Mattis may very well see himself as a person of integrity – and, to be fair, he may act with integrity according to his own standards. But those standards are the problem. It’s hard for a government official to maintain objectivity about the corporate activity he she oversees after years spent working and socializing with their executives– and becoming wealthy by their side. Mattis may have believed he had the country’s best interests at heart when he called for this change of strategy. It will still be very, very good for business
Hopefully, liberals will one day find the appointment of a defense contractor to lead the military as objectionable as the appointment a Goldman Sachs executive to lead the Treasury Department – and for similar reasons.
Wanted: Real resistance
The new cold war promises to be as expensive, as dangerous, and as pointless as the last one. Negotiation with Russia, the world’s second-largest superpower, seems to be out of the question. Democrats oppose it because the intelligence services have reported that Russia interfered in the last election. Republicans oppose it because they’re predisposed to dislike all negotiation.
Tensions were already on the rise in 2016, before Trump took office, after U.S.-backed NATO troops began conducting maneuvers and taking positions on Russia’s front line. In that sense, Mattis is simply making an existing state of cold-war hostility official.
The stance toward China, which Mattis has named as the leading threat, is paradoxical at best. On one hand, the Secretary of Defense has declared that we must be prepared to wage full-scale war against it if the need arises – and that we are not yet able to do so. On the other hand, the US trade deficit with China reached an all-time high in 2017. Washington’s “adults in the room” scorn any attempt to rectify this imbalance as “protectionism” and “trade war.” But actual war with the most populous nation on earth is apparently not out of the question.

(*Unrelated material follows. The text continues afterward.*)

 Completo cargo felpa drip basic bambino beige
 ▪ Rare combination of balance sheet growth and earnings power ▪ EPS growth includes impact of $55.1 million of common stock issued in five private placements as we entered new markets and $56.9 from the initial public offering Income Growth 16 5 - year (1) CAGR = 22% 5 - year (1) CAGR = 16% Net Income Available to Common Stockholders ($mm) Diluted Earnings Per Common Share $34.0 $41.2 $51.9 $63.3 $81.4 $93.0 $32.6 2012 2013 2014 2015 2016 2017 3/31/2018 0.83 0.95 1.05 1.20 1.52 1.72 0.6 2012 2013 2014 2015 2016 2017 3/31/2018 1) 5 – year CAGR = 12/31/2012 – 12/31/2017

There was a large and vibrant movement against the last cold war. Left-leaning movements held rallies against runaway militarism, and even most mainstream Democrats supported negotiations and “détente.” It remains to be seen whether “the Resistance” will oppose the new cold war or fall in line behind those Democrats who are currently waxing sentimental about George W. Bush.
“I found myself agreeing on a panel with Bill Kristol,” MSNBC’s Joy Reid recently said of the neoconservative Iraq war promoter. “I agree more with (hard-right columnist) Jennifer Rubin, (Bush speechwriter) David Frum, and (hawkish commentator) Max Boot than I do with some people on the far left.”
I believe her. Last August, Reid tweeted: “Mattis doing the job of leadership his boss can’t and won’t do.”
We need new and humane values and goals for our military and foreign policy. Nevertheless, Democrats like Reid continue to marginalize the voices of sanity while exalting the same “adults in the room” that nearly caused a global conflagration in the last century. If this continues, the “resistance” will fail to protect the world from from a grave threat to our nation and the world. The new cold war can only be stopped by a mass movement of people who are willing to stand against the reckless rush into chaos.